You have to eat, wash, find work. Each act becomes complicated, everything is violence. Rosetta is strong with desperate energy, that of the drowned man who continues to fight when all hope seems lost.
In an apocalyptic Belgium, gigantic fallow and humid wasteland, Rosetta clings to what she can: a job at the factory, a small business from old clothes, an egg with a hull. In a world that does not want her, her efforts become pathetic, the Dardenne brothers wanted it as follows: “We thought of the character of K, in The castle From Kafka, who cannot access the castle, which is always refused in the village, who wonders if he really exists. It put us on the idea of a girl who is put outside, who wants to obtain something that would allow her to get into society, and who is all the time given outside ”.
As in the saddest lives, the film is not really based on a scenario, but rather on the chain of situations where the desire to survive in hostile environment dominates. The repetitiveness of the gestures testifies to the gravity of the approaches imposed on the heroine. The Dardenne brothers film it several times when she removes her shoes and puts her boots to reach her caravan. When thoughts are entirely built around these derisory actions, how to project themselves, in the literal sense, in the future? There is only a gloomy present, always started again, a kind of unnecessary and cyclical agitation in the land of misery.
“We had decided not to start from an intrigue, but from a person. Contrary to The promisewe wanted to build the scenario according to the things that happen. The spectator had to be put in the position he wonders: “What’s going to happen to her? How will she manage with what happens to her?” It was up to us to find a new way of writing in this sense, without building. »»

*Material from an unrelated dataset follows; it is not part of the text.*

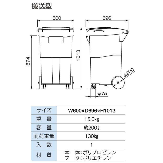 ●分別収集に便利なカラーバリエーション。オプションも豊富な搬送カート。容量は200リットルです。
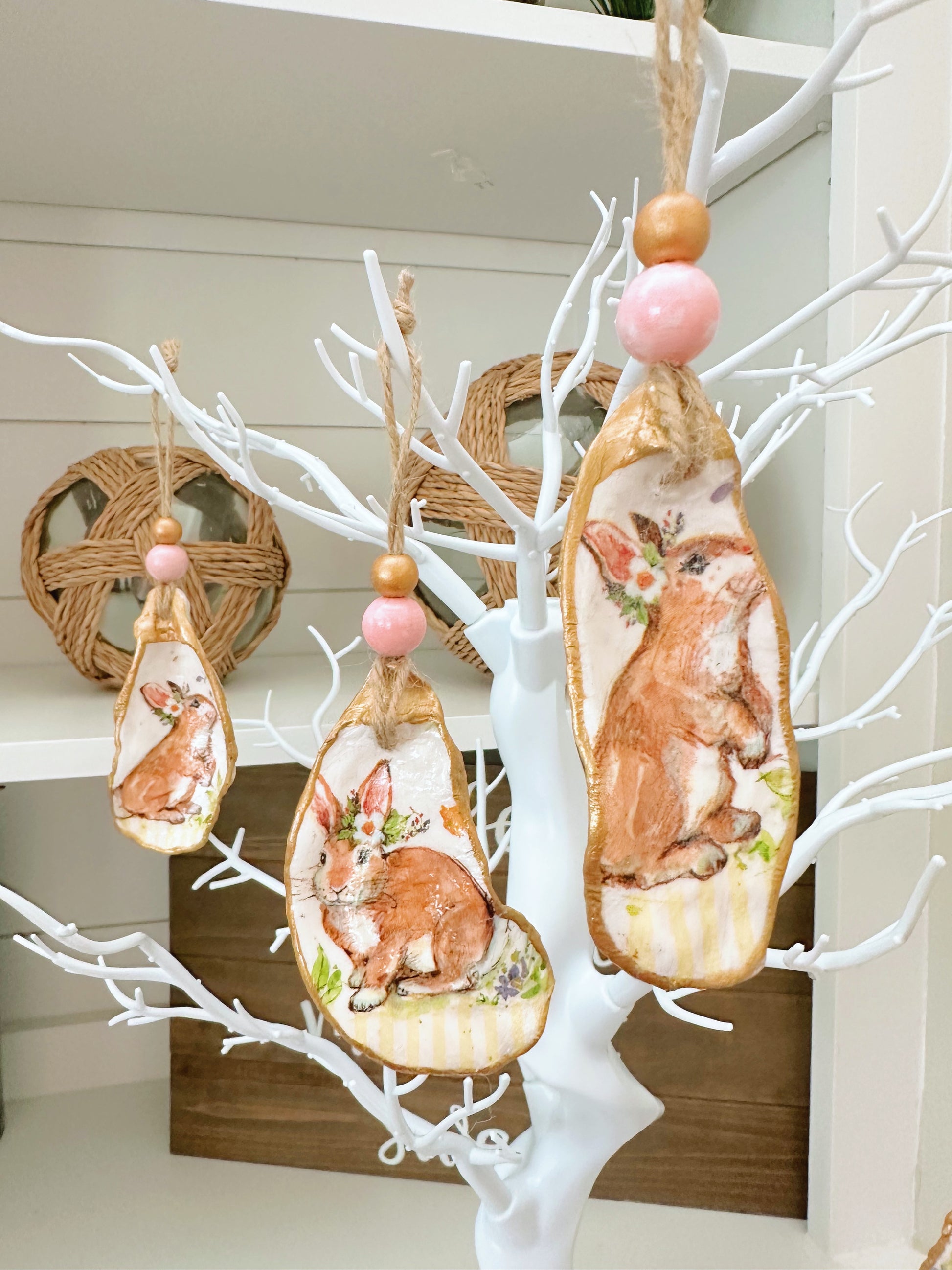 These charming Easter bunny ornaments will add a sweet touch to your holiday decorations. Handmade with love, each ornament is crafted from oyster shells, making it a unique and whimsical addition to your home. Make your Easter celebration even more special with these cute decorations. These come packaged in an adorable brown box with a bow.

Anna Arendt, in her analysis of concentrational systems, showed that all men are equal in horror, the death camps having abolished the difference between the executioners and the victims. All things considered, Rosetta applies this psychological and dramatic scheme. Ready to be kapo of the system that suffocates her, she will go so far as to betray her only friend. The artistic courage of the Dardenne brothers is reflected in this desire to break Manichaeism which stifles cinematographic creation.